Post-radiation xerostomia appears from the first days after irradiation and for very low
doses (from a dose received of 5 Gy). A first phase appears in the first 10 days following
radiotherapy, with regression of salivary secretion by blocking the muscarinic membrane
receptors of acinar cells and destruction of the endothelial cells responsible for glandular
angiogenesis. With increasing doses, apoptosis of stem cells and acinar cells of the salivary
glands follows, leading to atrophy and irreversible fibrosis beyond 60 Gy, due to the lack of
renewal of acinar stem cells. Four phases in the pathophysiology of post-radial xerostomia
are thus described. Phases 1 and 2, appearing respectively between 0-10 days and 10-60 days,
are characterized by a severe decrease in saliva production, first without a decrease in
amylase production or in the number of acinar cells in phase 1 and then with a decrease in
amylase and in the number of acinar cells in phase 2. This acute phase, initially reversible,
is thought to be related either to apoptosis of acinar cells or to acinar cell membrane
dysfunction. Then phases 3 and 4, appearing respectively between 60-120 days (stability of
the secretion and number of acinar cells) and between 120 and 240 days, are characterized by
a senescence of mature acinar cells, which are not renewed due to sterilization of the
glandular stem cells, leading to a definitive deterioration of the secretory functions by
glandular atrophy and irreversible fibrosis. A study by the QUANTEC (Quantitative Analyses of
Normal Tissue Effects in the Clinic) group showed that severe xerostomia (defined as a
decrease of more than 25% in the amount of saliva produced) could be seen in IMRT when the
four major salivary glands were given a dose >25Gy or if at least one parotid gland was not
preserved at a dose <20Gy. The pathophysiology of post-radial xerostomia has similarities
with that of other causes of xerostomia. Gougerot-Sjögren's syndrome is characterized by
salivary gland infiltration by B and T macrophages and lymphocytes targeting salivary
muscarinic receptors. This is followed by inflammation and lymphocytic infiltration with
replacement of glandular acinar cells by fibrosis associated with cellular apoptosis and thus
glandular atrophy. The complaint of xerostomia and objective reduction of saliva secretion
are frequently found in post-irradiation therapy, used for the treatment of thyroid cancer.
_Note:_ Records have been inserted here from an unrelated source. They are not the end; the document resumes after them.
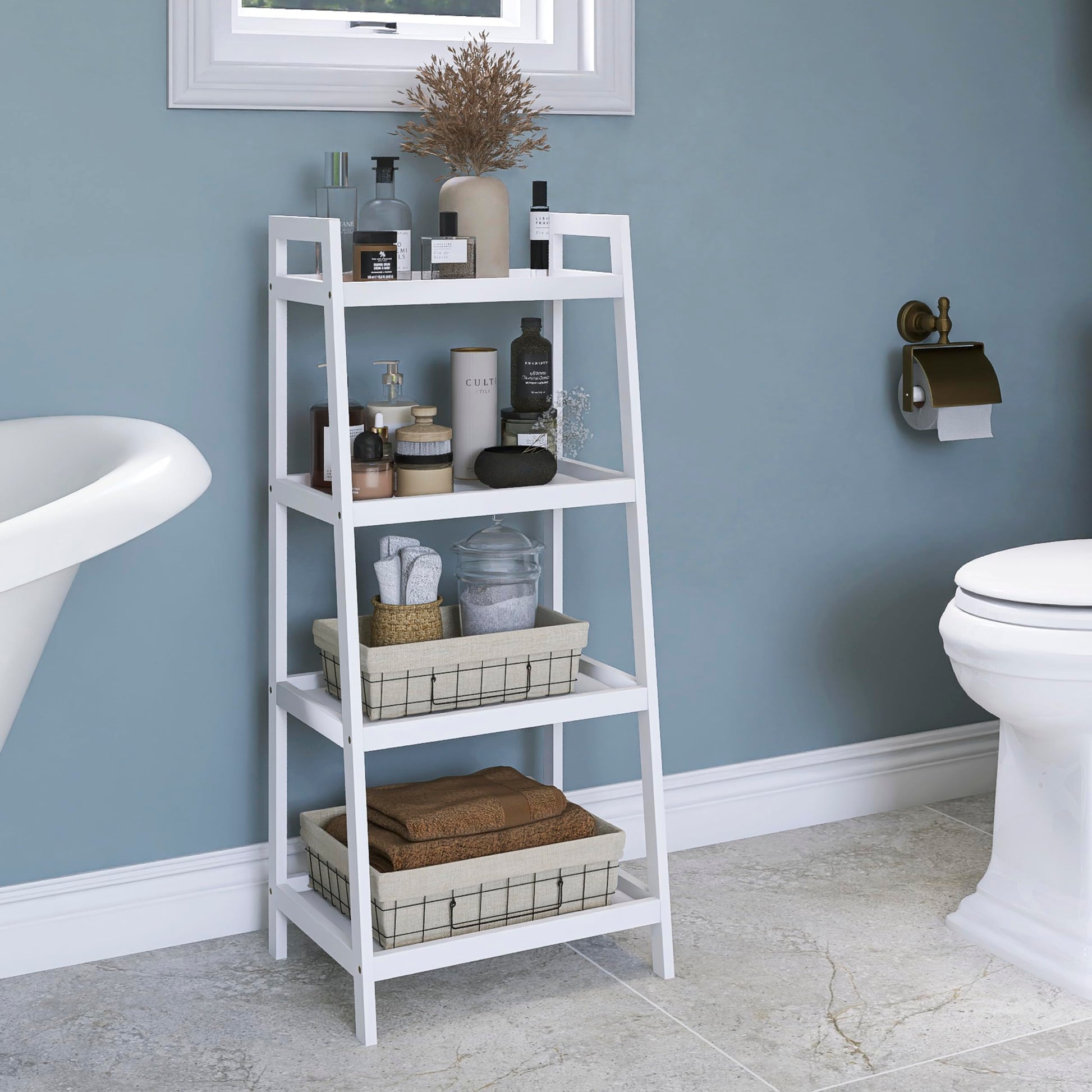 - MULTIPLE USAGE SCENARIOS - Our freestanding ladder storage shelf is easy to move, multifunction. It can be used as a bookcase in the living room, as a plant display stand on the balcony, as a towel shelf in the bathroom, as a storage organizer in the kitchen, very wide application
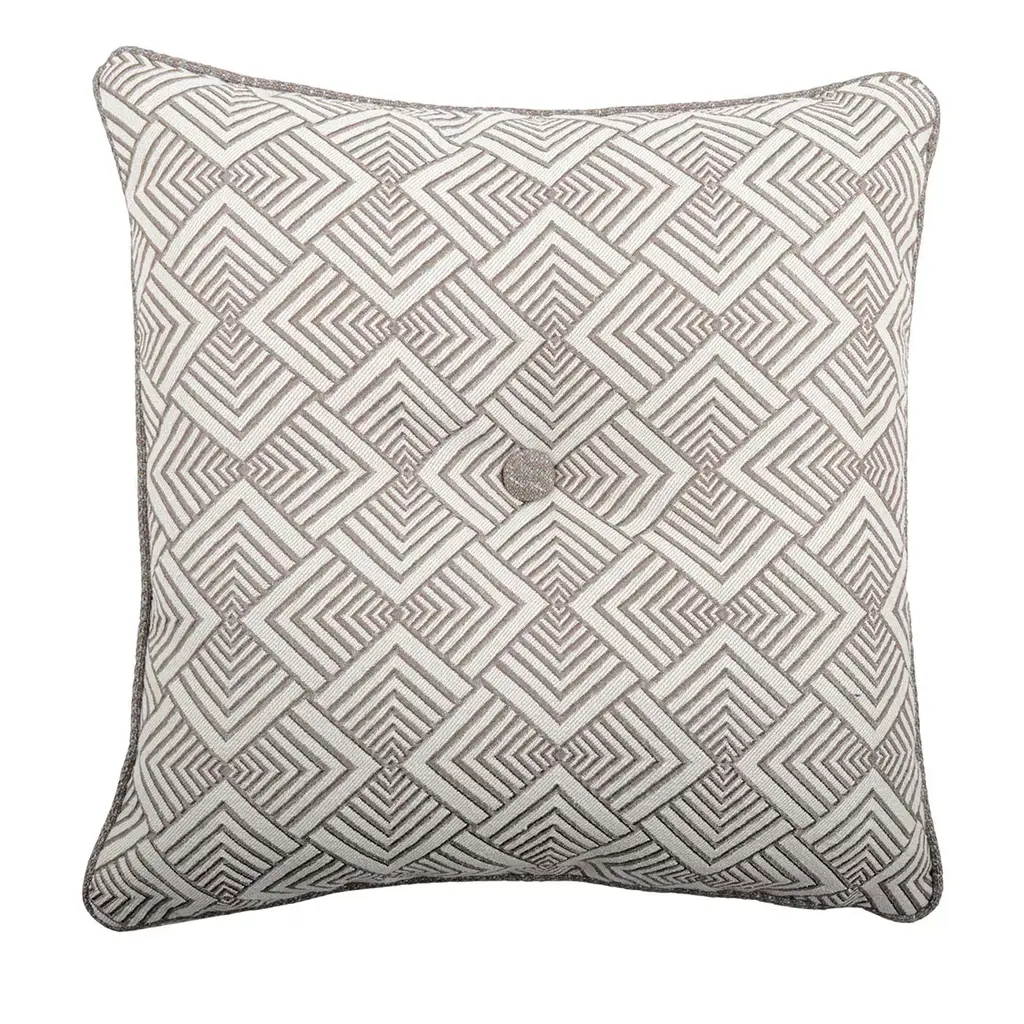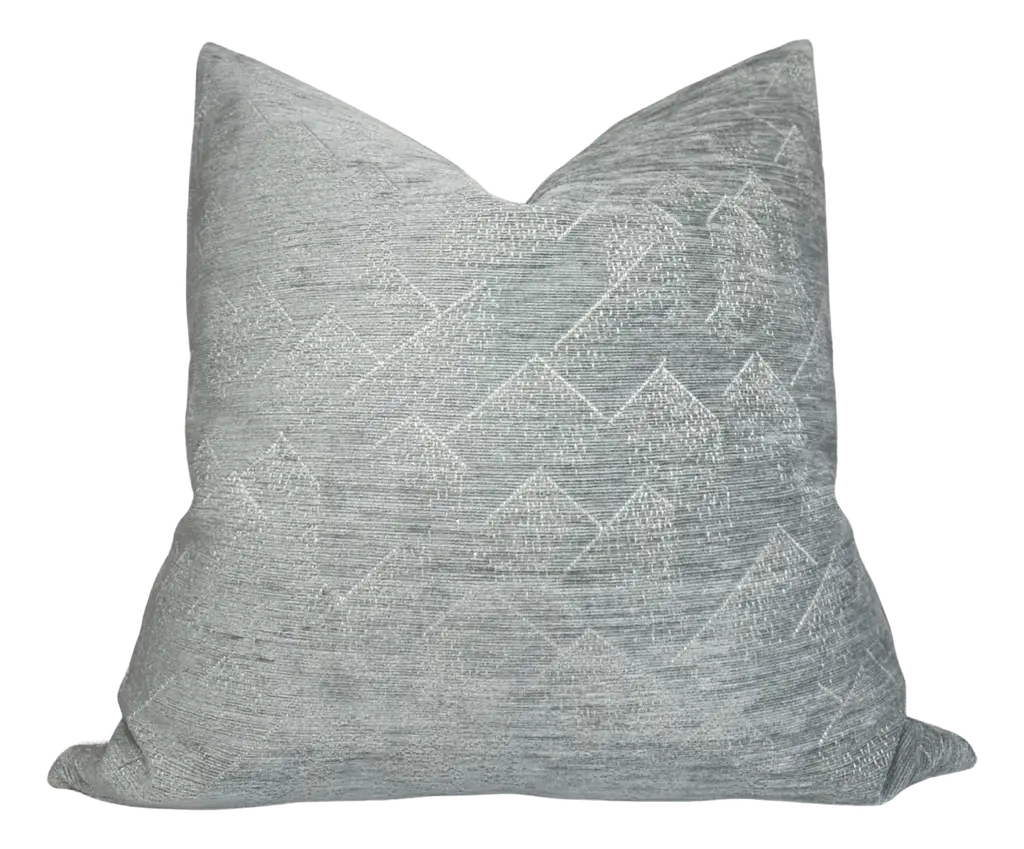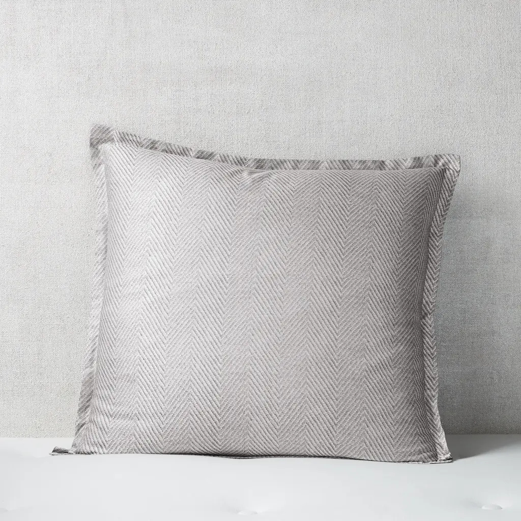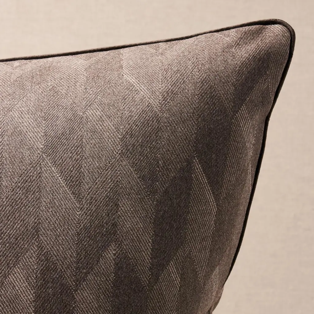 This pillow features Ezra Wool. A soft, textural weave, Ezra Wool in basalt features a subtle allover chevron pattern with a sophisticated tailored aesthetic. Pillow is finished with a welt in Sophia Velvet fabric. Welt content: 39% modal viscose, 61% cotton. Pillow includes a feather/down fill insert and hidden zip closure.
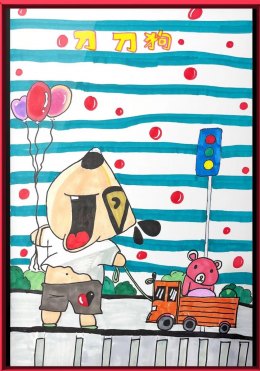 | 狗狗右手抓着汽球,左手拖着小熊卡车。大声一吼,激情唱响。 | |
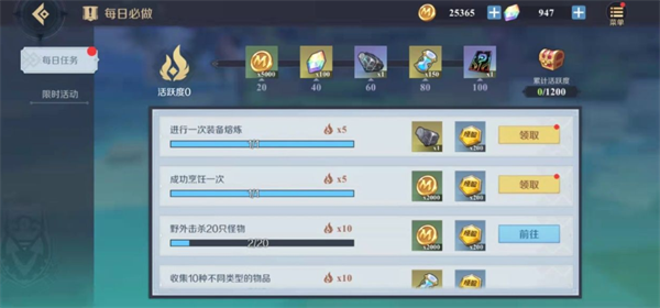 2、每日必做-这个是游戏里面玩家们的每日任务,这些做了玩家们可以获得大量的游戏经验就能够快速升级;
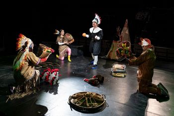 It's the craziest, most up-to-date comedy you'll see this year, as everyone of us seems to face the threat of some personal, Stalinesque purge over the tiniest infractions of identity politics. And it's impossible to sidestep all the modern political landmines as a quartet of theatre people devise a new play for school kids about the pilgrims and That minefield comes wrapped up in lots of hilariously genuine empathy, seemingly demanded by the general concept of diversity, equity and inclusion. DEI is not specifically the villain, but it turns us into fools, as though the secret police were listening around every corner. There's also a wildcard outsider on stage to relieve the burden of infinite respect, in the form of a beautiful actress from Los Angeles. She first presents herself as Native American named Alicia, played to winsome perfection by Paloma Nozicka. But her story presents just one of the many absurd complications. The phrase "erased presence" flies by a few times in very delicate and oblique reference to the mass murder of American Indian tribes, in the process of colonization. But when it comes to great theatre, subtle euphemisms are no match for wild symbolic violence–as we see in a jaw-dropping, bloody game of Thanksgiving Day football, played on stage with a couple of severed (rubber) heads. It's insane, as history does battle with the present. At the center of it all is a bright young woman named Logan (Audrey Francis), an idealistic director who's cobbled together a bunch of financial grants to put on a new socially conscious holiday play for children which as yet remains unwritten, but which she has promised will run 45 minutes in its final form. That's why they gave her the money. Gradually, the cruelties of life and a horror of cultural insensitivities put us into a spin. Steppenwolf Co-Artistic Director Audrey Francis is terrific as Logan, brilliantly frozen (at one point) in the face of temptation, and her own identity crisis. The whole legacy of the world of theatre seems to rest on her shoulders as she wobbles atop the jiggling zeitgeist. Nate Santana is a subversive comic delight as Jaxton, and Tim Hopper is smart and a bit heartbreaking as Caden. Mr. Santana plays the street performer, and Mr. Hopper a history teacher. They've landed the other roles in this work-in-progress, which turns into something quite different by the end. And both actors master the comical terror of an entirely new kind of non-gendered, non-Eurocentric Big Brother. All four of them ratchet-up the absurdity of our idealism, even when it's irreconcilable with our actual history, on a second-by-second basis: whether as pilgrims, or fools, or blood-soaked holiday football players. The Thanksgiving Play runs through June 2, 2024, at Steppenwolf Ensemble Theater, 1646 North Halsted Street, Chicago IL. For tickets and more information, please visit www.steppenwolf.org. Cast: Production Staff: Artistic Directors: Glenn Davis*, Audrey Francis* Executive Director: E. Brook Flanagan * Denotes Steppenwolf Theater Ensemble Member ** Denotes Member, Actors' Equity Association *** Denotes Member, United Scenic Artists Local 829 of IATSE **** Denotes Member, Stage Directors and Choreographers Society |
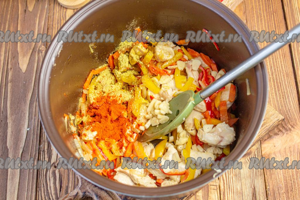 Чеснок очистите и нарежьте тонкими пластинами. Добавьте его в мультиварку, всыпьте приправу для курицы и паприку, перемешайте.

Indeed, salivary glandular cells have a strong affinity for Iodine-131 leading to
inflammation of the ductal epithelium and endothelial cells, resulting in ductal and
glandular fibrosis. These pathophysiological changes during Gougerot-Sjögren and
post-irradiotherapy are correlated with sialendoscopic findings: stenosis, sialadenitis,
sialadochitis, mucous plugs, erythema... . However, studies have shown the effectiveness of
sialendoscopy in improving the symptomatology of xerostomia and in increasing salivary
production, by simple irrigation (of serum alone or associated with local injection of
corticosteroids) and root canal dilatation in patients with these non-lithiasic pathologies.
Therapeutic success would be attributable to the removal of mucosal plugs, removal of
stenosis and reduction of inflammation (25). This is all the more so since the saliva flow
produced by the acinar cells and the salivary ionic composition (by ductal ionic
reabsorption) are strongly dependent on the ductal flow, and therefore on the presence of
possible stenosis or mucous plugs. The improvement of the symptomatology and salivary
production would be visible in the immediate postoperative period (from the first weeks),
with a prolonged therapeutic effect beyond several months, after a single sialendoscopy.
Recently, a study has shown the efficacy of sialendoscopy to improve chemotherapy-induced
xerostomy symptoms using Ac-PSMA-617 for the treatment of prostate cancer, which is also the
cause of Grade 1 xerostomia. Our study is based on the pathophysiological similarity of
post-radial xerostomy with Gougerot-Sögren's syndrome and post-irradial xerostomy. The
promising results of recently published sialendoscopic studies in these two pathologies allow
us to envisage a potential benefit of sialendoscopy in a post-radial context.
In the context of this work, the investigators will compare sialendoscopy associated with a
local injection of corticosteroids to the usual management based on the hygieno-dietary rules
(HDR) consisting of regular drinking and a diet with a high dose of corticosteroids.